Saturday, July 15, 2017

MUSIC REVIEW OF THE DAY: MICHAEL NESMITH - INFINITE TUESDAY

This is the companion soundtrack to Nesmith's new autobiography of the same name, and it sounds like his life. It's varied, exploratory, fun and underestimated. Life started out fascinating for him, as the son of a single mother that invented liquid paper and made a fortune. Things went uphill from there, from writing Top 40 hits for others (Different Drum for Linda Ronstadt), himself (Joanne from 1970), hanging in London with The Beatles when they were making Sgt. Pepper, sponsoring Jimi Hendrix in the U.S, being the conceptual father of MTV, coming up with various long-form video projects, working in virtual reality, etc., etc. Then there was that band he was in for a couple of years in the late 60's.

Even with his attention split in so many different ways, he can still put together one strong best-of, with music going up to 2005. It opens with a rare solo effort from pre-Monkees days, the black satire of The New Recruit, an anti-Vietnam piece he recorded as Michael Blessing in 1965. He was always struggling to get his compositions on Monkees albums, and those that did make it showed he was a true talent.
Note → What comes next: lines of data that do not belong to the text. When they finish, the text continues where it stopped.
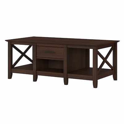 The Bush Furniture Key West coffee table with storage is a perfect way to bring the feel of a coastal retreat right to your living room. X-pattern accents on the side panels and your choice of casual finishes present a look that works well in homes that embrace cottage and farmhouse styling. A box drawer and lower cubby space in the center of the coffee table make it easy to organize books, magazines, and smaller items like TV remotes and writing utensils. Large open compartments on the right and left offer plenty of room for decorations or additional storage. Use the low coffee table on its own, or combine it with coordinating Key West products for a complete living room furniture set. This coffee table with drawers and shelves has been rigorously tested to meet Bush Furniture standards for safety, performance, and durability and is backed by a 1-year manufacturer limited warranty.
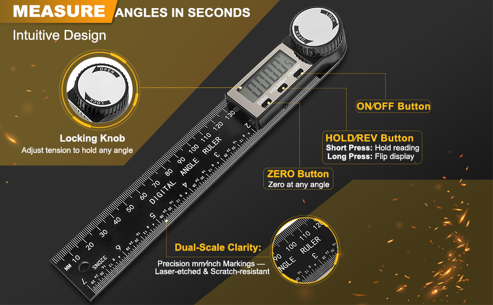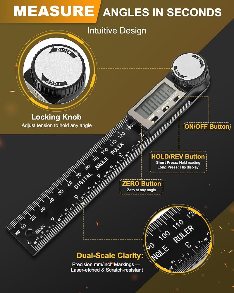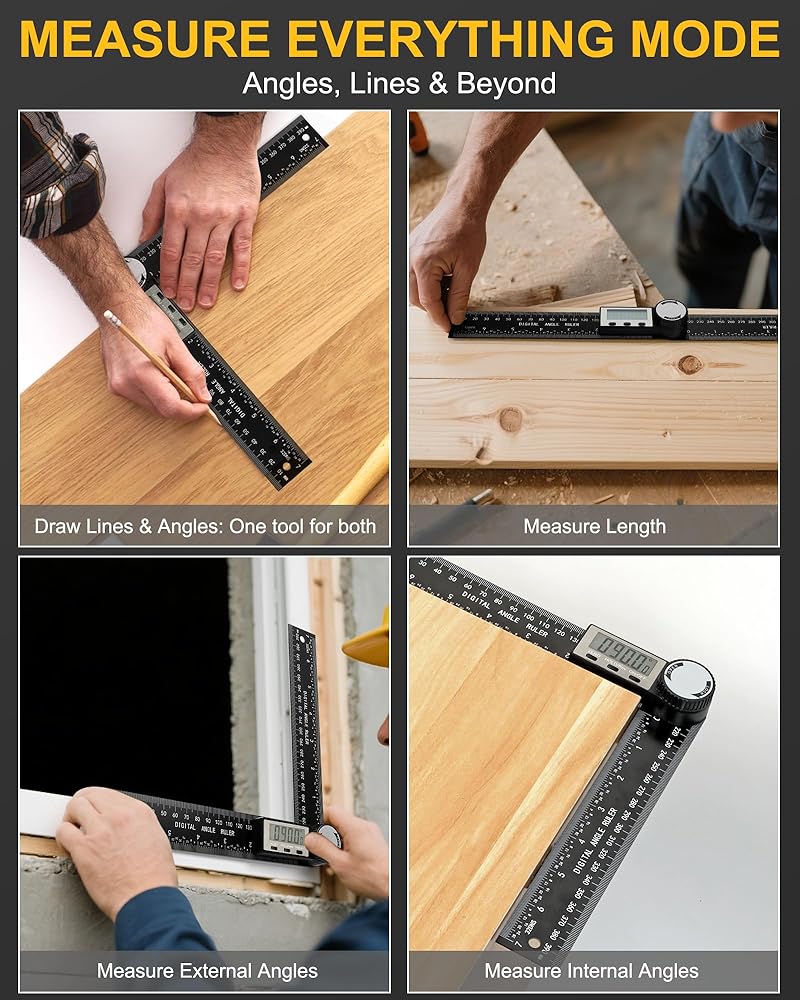 Measure Angles & Lengths in One Tool: This 2-in-1 digital protractor and ruler quickly measures internal and external angles as well as straight lengths—no need to switch tools. Perfect for woodworking, carpentry, home projects, or on-site jobs where accuracy matters
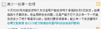 今天5000号内能发货吗?支付宝用户能发货吗?承诺的8月5日发货,结果拖到今天都没发。资金周转发生问题,还是产能不行?该公布一下一天能发货多少了吧?等是可以的,但我们要求很简单,能公布一下发货量吗?@谭文胜微博 @21CN官方微博@凤凰网科技@泡泡网数码
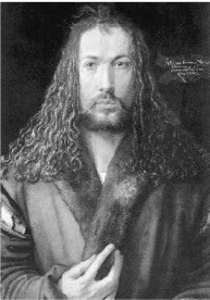 德国画家阿尔布雷特·丢勒(1471-1528)被认为是西方自画像第一人,比达·芬奇晚年的自画像早了几十年,比以自画像闻名的伦勃朗早了一百多年。一生中画下如此多幅自画像的画家,丢勒之前还未有过,这在当时的社会文化中也是奇特之事。

Papa Gene's Blues, The Girl I Knew Somewhere and Listen To The Band certainly hold up as country-tinged pop.

When the band fizzled out, Nesmith was ready on the cutting edge of the L.A. cosmic cowboy scene. Bringing pedal steel into pop was a bold move, and resulted in the excellent Joanne along with the should-have-been bigger Silver Moon. From there, he got progressively more eccentric, often with excellent results, especially the groundbreaking music video concept Rio. More South American influences came in, and the excellent Laugh Kills Lonesome from 1992 features the rather remarkable merger of Latin and Western, from the album "..Tropical Campfires...".

There has been so much more to this man over the decades, but even he has come to realize he'll never escape the two-dimensional image television thrust on him in that crazed few years of hysteria and fame. Do yourself a favour and find out what he was up to when he wasn't monkeying around.